He probably never said it but many attribute to Luther a famous quote that if he knew the world would end tomorrow he “would plant a tree today”. Whether he said it or not it sounds like something Luther would say. His articulation of the faith was incredible. “For whatever reason, in the ineffable wisdom of God, the speech of Martin Luther rang clear where others merely mumbled,” says American Evangelical theologian Mark Noll, in “First Things” back in 1992. Luther’s preaching resonates with a knowledge that he is placed in the great story of God by the suffering and death of Christ.
Luther didn’t just preach about hell, he was there in his self conscious desire to appease God. Luther didn’t just preach about heaven, he was there when the Spirit revealed to him the Gospel. Luther didn’t just narrate the events of the Nativity, he was there every Lord’s Day when Christ was born anew in his heart and gifted to him again in the Holy Supper. He didn’t just talk about Calvary; he was there and knew that every drop of blood and every groan was brought about by what he was and what he had done by “his fault, his own fault, his own most grievous fault”. He didn’t just talk about discipleship and taking up the cross and following Christ, he did it when the world and the flesh and the devil tried to destroy him because of Christ and the Gospel. He didn’t narrate the Gospel, he lived in it. He was not an actor reading a script, he was a living member of the body of Christ living in Christ’s story, proclaiming with a living voice a living Savior.
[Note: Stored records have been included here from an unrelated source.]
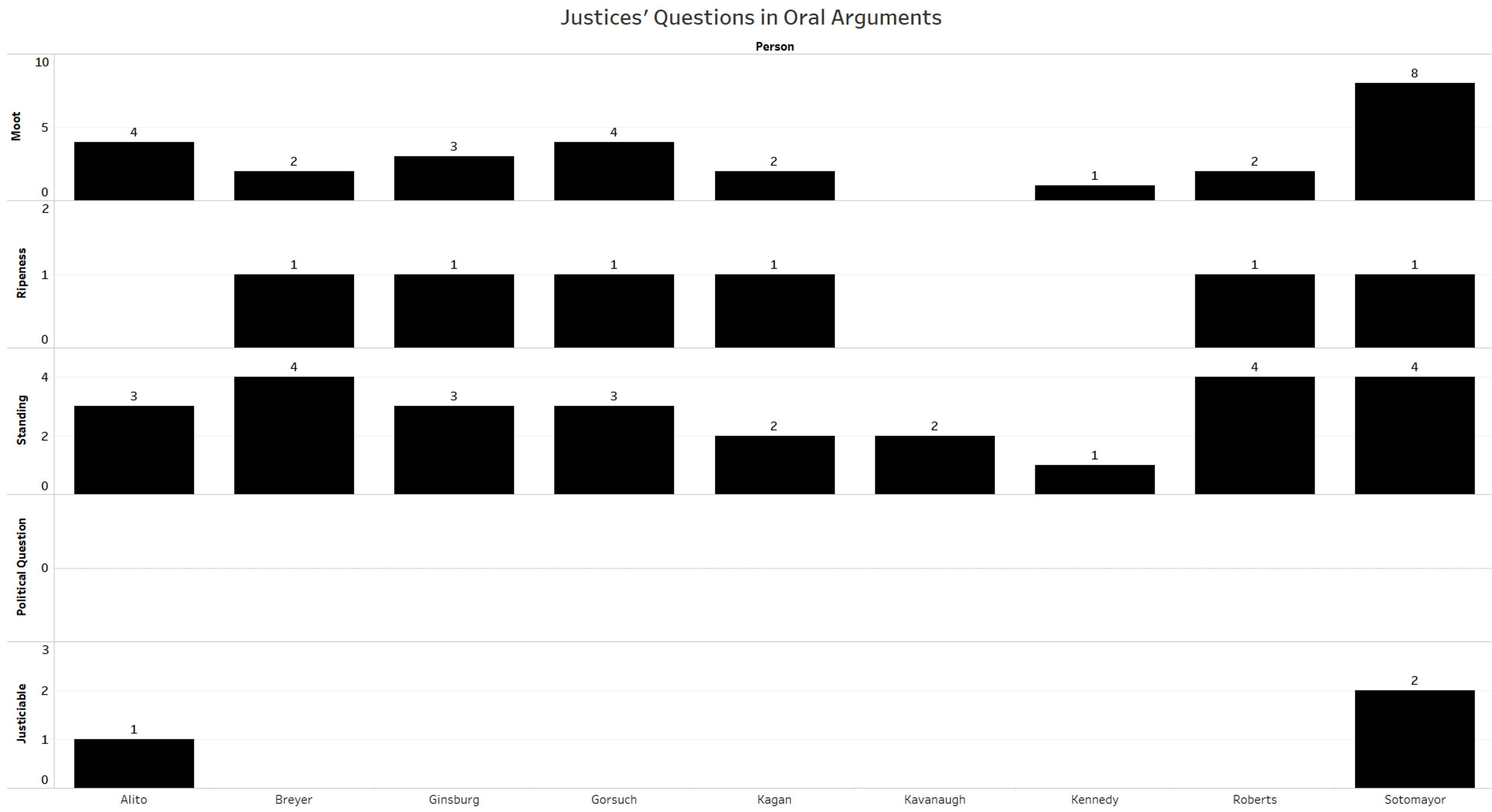 The next figure breaks the justices down by the number of oral arguments in which they mentioned at least one of these justiciability concerns.
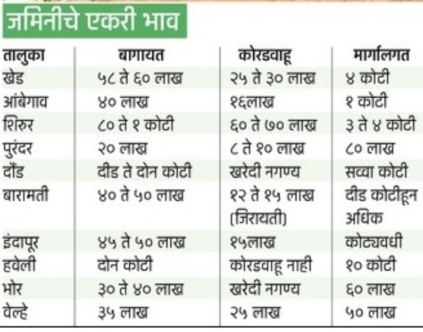 तर बारामती, इंदापूर, दौंड, हवेलीसह अन्य तालुक्यातील बागायती जमिनीला 40 लाखापासून ते दीड ते दोन कोटी रुपये एकर भाव मिळत आहे. दिवसेंदिवस या भावांमध्ये वाढ होत चालली असून हवेली तालुक्यातील परिसरात तब्बल 10 कोटींपर्यंत दर पोहचला आहे
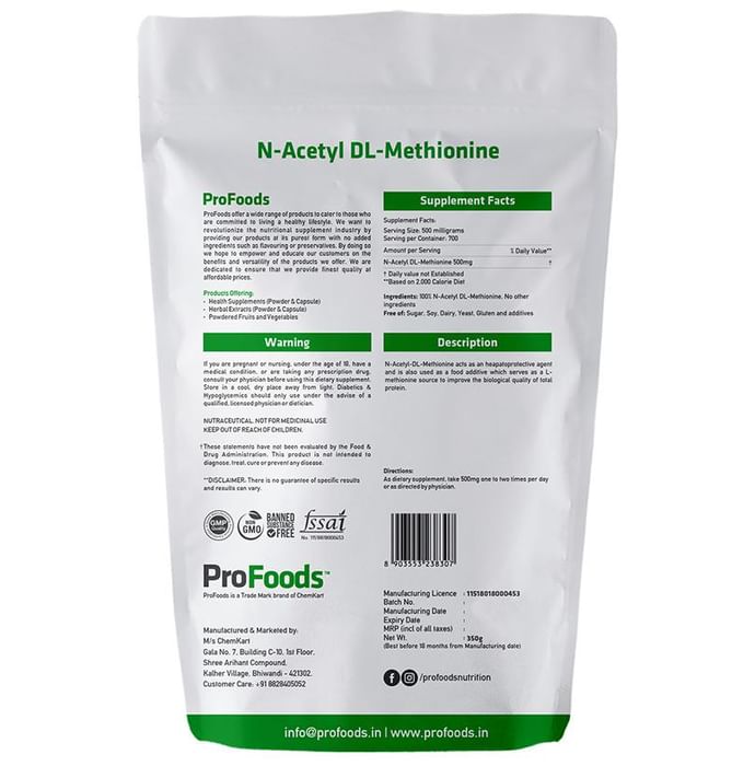 ProFoods N-Acetyl DL-Methionine Powder ProFoods N-Acetyl DL-Methionine Powder is advanatageous to consume as it has many benefits such as preventing liver damage and improve acidity of urine. It is helpful in treating Asthma and aids healing of wounds.
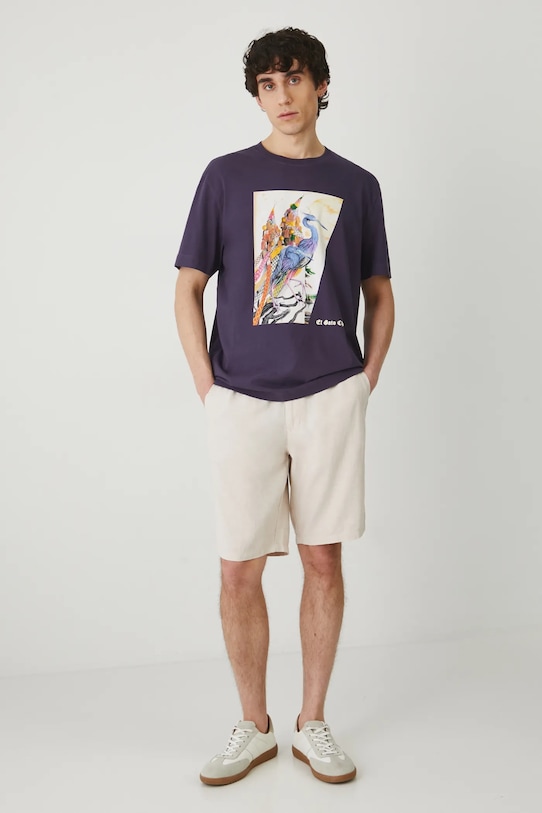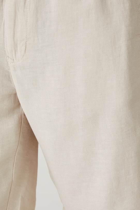 Шорты из коллекции Medicine. Изготовлены из смесовой льняной ткани. - Материал с добавлением льна обеспечивает комфорт и воздухопроницаемость. - Обычная посадка. - Эластичный пояс со шнурками. - Застежка на пуговицы и молнию. - Накладные карманы. - Меланжевая ткань. - Ткань саржевого переплетения. - Ширина талии (до растягивания): 44 см. - Ширина талии (после растяжения): 49 см. - Ширина бедер: 58 см. - Высота талии: 28,8 см. - Ширина штанины внизу: 27,4 см. - Длина по внутреннему шву: 25 см. - Размеры указаны для размера: L.
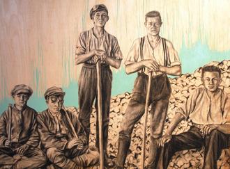 Das Bild von Carmen Benner stellt die Basaltbearbeitung und ihre Menschen in den Fokus.
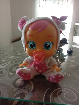Muñeca Cry Babies Kristal con un bonito vestido y accesorios. En perfecto estado,poco uso y funciona bien. - Muñeca con pelo azul y detalles de copos de nieve. - Incluye chupete morado con diseño de copos de nieve. - Vestido morado con tul y estampado de copos de nieve. - Abrigo blanco de pelo sintético. - Botas azules.
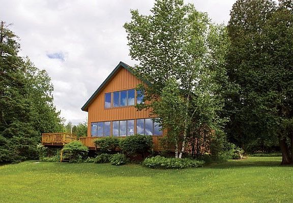 Lake Simon - Tupper Lake Region - Adirondacks, New York 3 Bedrooms / 3.5 Bathrooms / Year-Round Main House 2-Room Brick Guest Cottage with Fireplace / 2-Car Garage Directly Connected to 10-Mile Tupper Lake 125 Feet of gradual Waterfront / Gorgeous Landscaping
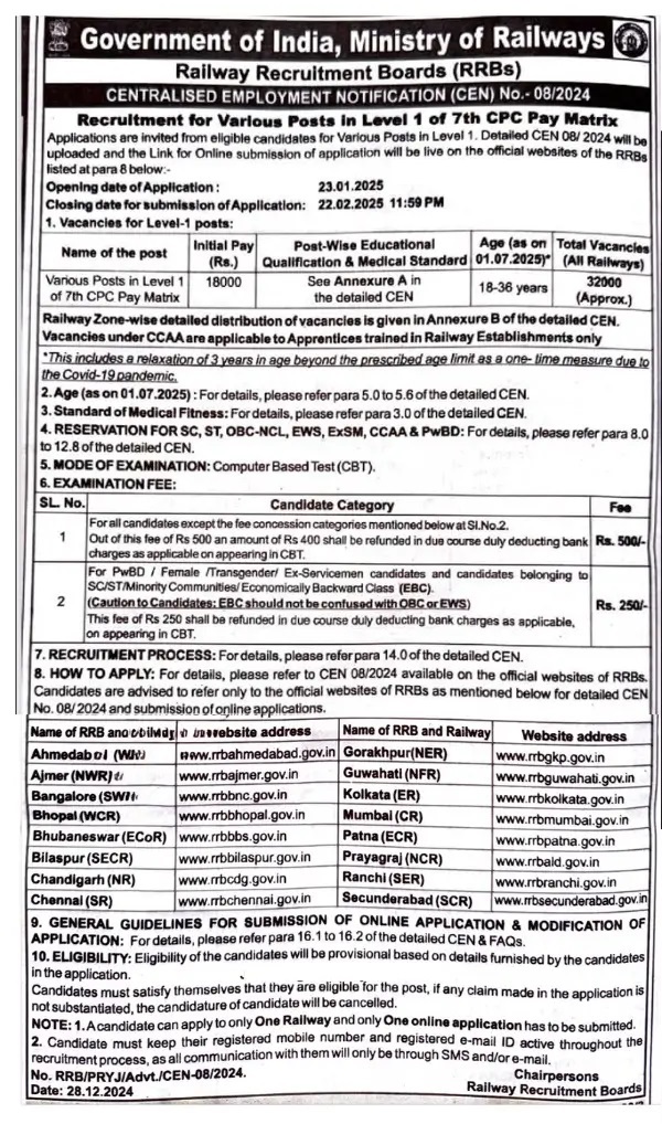 UPDATE- The Short Notification of RRB Group D Notification 2026 vide CEN 09/2025 for 22000+ vacancies is announced on 23rd December 2025.
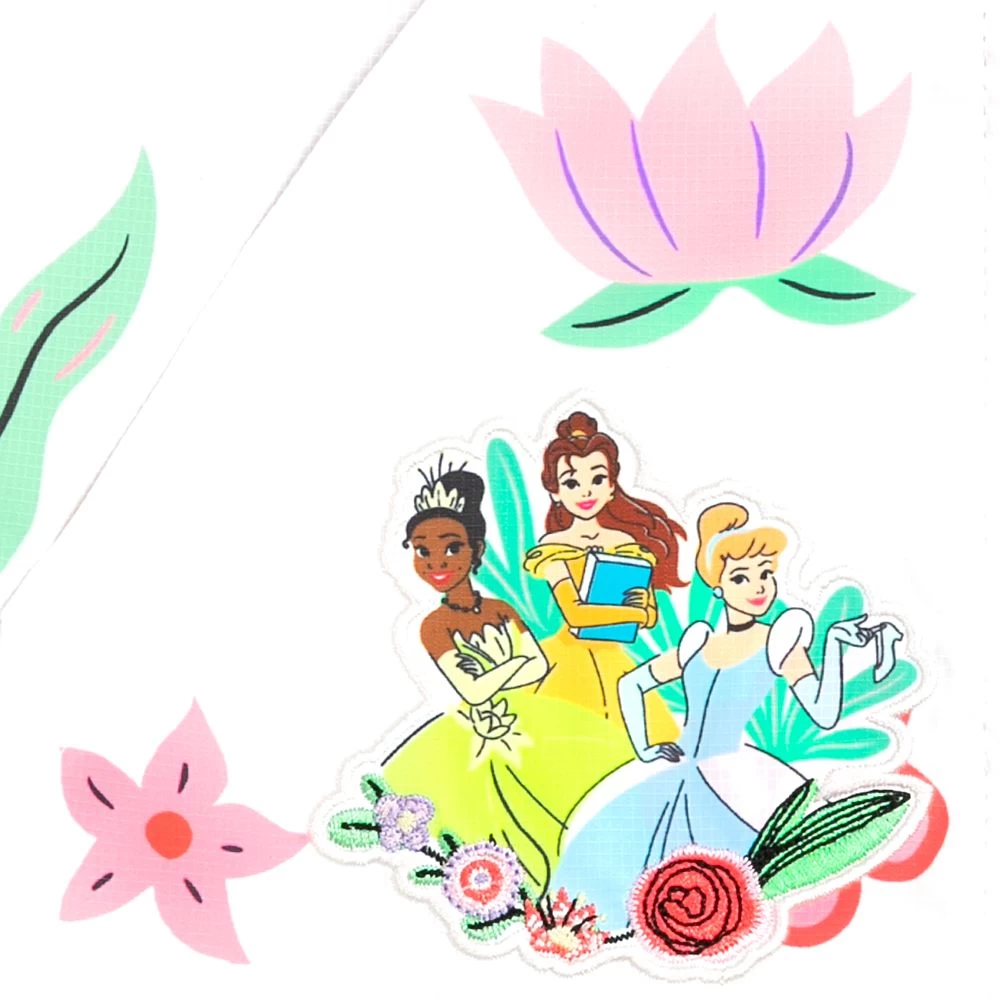 - Screen art and embroidered appliqué features Tiana, Belle and Cinderella

The tree being planted at a Project 24 Center in Kenya in a time when the world seems to be coming apart is a part of what we are as Lutherans. Translated into the story of God by God’s action in Christ we are free to live in Christ and our neighbors. “These are the two things in which a Christian is to exercise himself, the one that he draws Christ into himself, and that by faith he makes him his own, appropriates to himself the treasures of Christ and confidently builds upon them; the other that he condescends to his neighbor and lets him share in that which he has received, even as he shares in the treasures of Christ”.